Monday, October 14, 2013

Are Moderate Members of the GOP Today's Dixiecrats?


If one looks at where most of the effort to nullify the last two presidential elections and over turn the Supreme Court's ruling upholding the Affordable Health Care Act, its for the most part the same states that long opposed desegregation save and except some far right ideologues from Midwestern and Western states who want to utterly destroy since the poor and unfortunate apparently deserve to die despite the Gospel message (which these very sane people claim to honor) that speaks an altogether message.  But, back in the bad old days of the so-called Dixiecrats, enough Southern Democrats cooperated with the national party to allow governance to occur.  A column in the New York Times looks at the growing risk of America going into default as the blackmail and extortion by the Republican Party, especially in the House of Representatives, continues.  It also looks at the possibility of some Republicans - locally, Scott Rigell may be one - to act like the Dixiecrats of old and save America from lurching into an economic train wreck.  Here are highlights:

Stocks surged last Friday in the belief that House Republicans were getting ready to back down on their ransom demands over the government shutdown and the debt ceiling. But what Republicans were actually offering, it seems, was the “compromise” Paul Ryan, the chairman of the House Budget Committee, laid out in a Wall Street Journal op-ed article: rolling back some of the “sequester” budget cuts — which both parties dislike; cuts in Medicare, but with no quid pro quo in the form of higher revenue; and only a temporary fix on the debt ceiling, so that we would soon find ourselves in crisis again. 
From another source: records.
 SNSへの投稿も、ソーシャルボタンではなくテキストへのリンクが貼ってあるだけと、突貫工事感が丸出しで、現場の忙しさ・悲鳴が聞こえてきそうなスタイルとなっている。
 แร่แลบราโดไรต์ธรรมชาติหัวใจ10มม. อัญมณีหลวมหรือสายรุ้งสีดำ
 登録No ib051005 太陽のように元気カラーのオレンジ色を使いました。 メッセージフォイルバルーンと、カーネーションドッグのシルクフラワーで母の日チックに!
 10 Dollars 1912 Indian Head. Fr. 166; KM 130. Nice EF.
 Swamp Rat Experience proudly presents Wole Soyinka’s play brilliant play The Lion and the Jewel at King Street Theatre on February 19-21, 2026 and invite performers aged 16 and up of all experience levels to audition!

I do not think that word “compromise” means what Mr. Ryan thinks it means. Above all, he failed to offer the one thing the White House won’t, can’t bend on: an end to extortion over the debt ceiling. Yet even this ludicrously unbalanced offer was too much for conservative activists, who lambasted Mr. Ryan for basically leaving health reform intact. 
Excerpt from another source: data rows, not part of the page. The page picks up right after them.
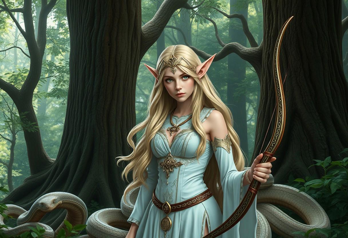 Loreen in the Magical Forest: Picture Loreen, a female elf snake lord, in a magical forest. She stands among majestic trees, surrounded by snakes that coil around her. Loreen has light green eyes with snake pupils, long shiny hair in gold and silver, and ethereal pastel-colored clothing decorated with snake symbols. She carries a typical elven bow and arrows.
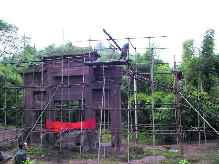 牌坊之争·现场 上百人集体阻挠拆迁牌坊 10月25日,经重庆荣昌县文物部门确认的施工队,来到川渝交界的观音桥牌坊所在地,对有着200多年历史的石牌坊进行拆迁。得知自己祖上所修建的牌坊要被搬迁到重庆荣昌修公园,四川籍罗氏子孙着急了。 一百多名村民赶到了牌坊所在地,要求拆迁队拿出文件,并阻止工人施工。“这可是我们罗家的祖业,怎么说拆就拆了,而且对方一直拿不出文物部门的审批文件。”77岁的罗征扬说。 前日下午,成都商报记者徒步十多里山路来到了观音桥牌坊所在地看到,横七竖八的钢管架在了牌坊四周,将整个牌坊裹着。一块红布包裹着牌坊蹲座中央的塑像,牌坊头部的宝顶已被拆了下来,牌坊左肩的石头被撬松,挪在钢架上,不时有好奇的村民爬上去探看究竟。 牌坊正对一座宽阔的青石板路,矗立在观音桥桥头。由于年久失修,道路和牌坊底部的部分石头被风化,掩映在青山翠竹间。 当天由于一直下雨和现场群众阻挠,参与撤迁的石匠们均放假离开,只剩下2名工人在工棚里看守。 参与拆迁牌坊的石匠李师傅说,25日,公司安排了11个石匠前往观音桥拆牌坊,“石头材质不错,材料很大,拆迁的难度比较大,10多个人起码要拆半个月,今天下雨暂停了。”李师傅称,“据说是搬迁到荣昌县城海棠公园,供游人参观的。” 尽管工期暂停,但牌坊对岸的四川籍罗家子孙时刻关心着拆迁的进度,每天轮流派人前往牌坊守候。
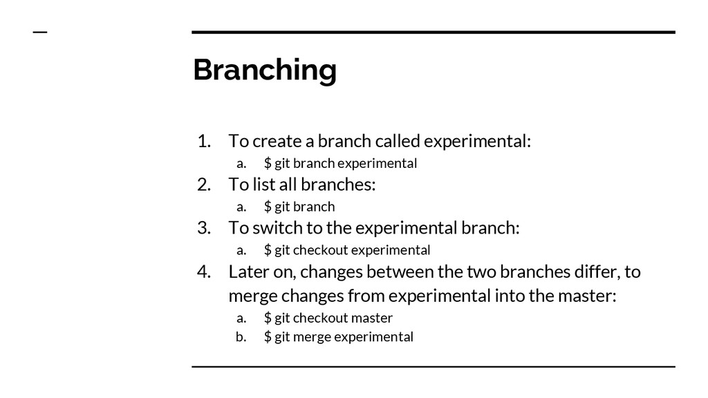 git branch experimental 2. To list all branches: a. $ git branch 3. To switch to the experimental branch: a. $ git checkout experimental 4. Later on, changes between the two branches differ, to merge changes from experimental into the master: a. $ git checkout master b. $ git merge experimental

Does this mean that we’re going to hit the debt ceiling? Quite possibly; nobody really knows, but careful observers are giving no better than even odds that any kind of deal will be reached before the money runs out. Beyond that, however, our current state of dysfunction looks like a chronic condition, not a one-time event. Even if the debt ceiling is raised enough to avoid immediate default, even if the government shutdown is somehow brought to an end, it will only be a temporary reprieve. Conservative activists are simply not willing to give up on the idea of ruling through extortion, and the Obama administration has decided, wisely, that it will not give in to extortion. 
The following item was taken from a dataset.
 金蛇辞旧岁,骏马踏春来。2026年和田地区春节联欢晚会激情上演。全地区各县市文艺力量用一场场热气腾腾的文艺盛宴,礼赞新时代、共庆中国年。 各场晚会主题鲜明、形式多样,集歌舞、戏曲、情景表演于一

So how does this end? How does America become governable again? 

One answer might be that we somehow stumble through the next 13 months, and voters punish Republican tactics by returning the House to Democratic control. Recent polls do show a large Democratic advantage on the generic House ballot

There is, however, another solution, and everyone knows what it is. Call it Dixiecrats in reverse.

Here’s the precedent: For a long time, starting as early as 1938, Democrats generally controlled Congress on paper, but actual control often rested with an alliance between Republicans and conservative Southerners who were Democrats in name only. You may not like what this alliance did — among other things, it killed universal health insurance, which we might otherwise have had 65 years ago. But at least America had a functioning government, untroubled by the kind of craziness that now afflicts us. 

And right now we have all the necessary ingredients for a comparable alliance, . . . . everyone I talk to believes that it would be easy to pass both a continuing resolution, reopening the government, and an increase in the debt ceiling, averting default, if only such measures were brought to the House floor. How? The answer is, they would get support from just about all Democrats plus some Republicans, mainly relatively moderate non-Southerners. As I said, Dixiecrats in reverse. 

The problem is that John Boehner, the speaker of the House, won’t allow such votes, because he’s afraid of the backlash from his party’s radicals. Which points to a broader conclusion: The biggest problem we as a nation face right now is not the extremism of Republican radicals, which is a given, but the cowardice of Republican non-extremists (it would be stretching to call them moderates). 

The question for the next few days is whether plunging markets and urgent appeals from big business will stiffen the non-extremists’ spines. For as far as I can tell, the reverse-Dixiecrat solution is the only way out of this mess.